# Turbo roller wear question.



## Guyincognito76 (26 Nov 2016)

I've bought one of those Aldi Turbo Trainers for £50. So, obviously, first newbie mistake is that I used it with my regular tyres. As my road riding is probably done for the winter this is not a huge deal at the minute. I'm more concerned that the roller, which is rubbery plastic and not metal, has had a groove worn into it. Surely this is going to continue to wear down all the way through, no?


----------



## TissoT (26 Nov 2016)

Yes it probably would wear down . Would it be possible to fit a metal sleeve around it ?


----------



## screenman (26 Nov 2016)

In time it may, but it will likely take a lot of riding. No worries on the road tyre, that is all I have ever used.

To be fair though you cannot buy much for £50 and if it lasts a 100 rides I would say it was money well spent.

Mine was about £400 and is now still well used at 20+ years old.


----------



## CanucksTraveller (26 Nov 2016)

It shouldn't do. Are you sure it's set up right? There's often 2 positions to set the roller for different wheel sizes (at least that's the case with Tacx anyway). Setting that wrongly can cause excessive pressure which could cause more tyre wear. 
Tyre choice (trainer vs road) won't affect wear on the roller itself so a trainer tyre isn't the solution here.


----------



## Guyincognito76 (26 Nov 2016)

The roller can only be lifted or lowered. Reducing contact anymore seems, when riding, to reduce resistance too much so that it's like riding in a really high gear.


----------



## Garry A (26 Nov 2016)

There are lots of reviews of this turbo on the Aldi site, all saying the same thing. Id take it back,


----------



## Guyincognito76 (26 Nov 2016)

Garry A said:


> There are lots of reviews of this turbo on the Aldi site, all saying the same thing. Id take it back,



Oh for fu... a metal cover over the roller can't have cost that much more to produce.


----------



## lpretro1 (26 Nov 2016)

We are talking Aldi here - don't expect a lot


----------



## Guyincognito76 (26 Nov 2016)

lpretro1 said:


> We are talking Aldi here - don't expect a lot



I thought it wasn't unreasonable to expect it to last until April.


----------



## vickster (26 Nov 2016)

Return it, buy a better one?


----------



## e-rider (26 Nov 2016)

Guyincognito76 said:


> I've bought one of those Aldi Turbo Trainers for £50. So, obviously, first newbie mistake is that I used it with my regular tyres. As my road riding is probably done for the winter this is not a huge deal at the minute. I'm more concerned that the roller, which is rubbery plastic and not metal, has had a groove worn into it. Surely this is going to continue to wear down all the way through, no?

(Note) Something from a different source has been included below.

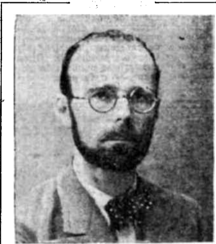
El Profesor Pierre Auger, Director de la Sección de Ciencias Exactas, fisicoquímicas y naturales de la Unesco, fué, desde abril 1945 hasta su nombramiento en la Unesco, Director de Enseñanza Superior del Ministerio de Educación Nacional de Francia. Físico eminente, el Dr. Auger es autor de muchas obras científicas sobre los rayos X, neutrones y rayos cósmicos.

En todos estos casos es necesario guiar y coordinar las fuerzas de cooperación y de comprensión del mundo entero, que no pueden encontrar por sí solas los medios

£100 will get you a basic turbo from Elite or Tacx. Good Rollers can be had for about £100 too.
As for your current setup, special turbo tyres are used to save your normal tyre from heat damage, not to protect the turbo itself.
Keep using the turbo as is, until it wears out which should be in a few years time. Good quality Turbos last for years and years
EDIT, design fault, the plastic roller is shite, aim for a refund


----------



## Alan O (26 Nov 2016)

Yep, I'd say return it too - that's a design fault. (I just got a Tacx one for £86 from Halfords, and it's good)


----------



## Erne rower (7 Jan 2017)

Just a late addition to this trainer forum; bought the Aldi fluid turbo trainer. Found a groove worn on roller after only about 5 mins use!!,( GP4 conti tyre). Obviously not fit for purpose.


----------



## Gravity Aided (8 Jan 2017)

Living where I do (Northern U.S.) I get a lot of use from a trainer. I may wear one out after a few years, but they should last longer than what you report. Then again, our Aldis' don't carry very much in the way of cycling gear, nothing like you see in Britain or Europe. But the season will soon be at a point where a lot of winter gear will be going on sale, or getting sold on Craigslist or Gumtree. I do use a training tire in winter. This is because, on the trainer, the tire doesn't get used across the tread, but rather in one small line round about the tire where it contacts the roller, creating a wear line or even a flat spot. My Minoura is getting quite old for a trainer, so I'm thinking about replacing. I'd buy quality, and buy once.


----------



## gbb (10 Jan 2017)

Gravity Aided said:


> . I do use a training tire in winter. This is because, on the trainer, the tire doesn't get used across the tread, but rather in one small line round about the tire where it contacts the roller, creating a wear line or even a flat spot. .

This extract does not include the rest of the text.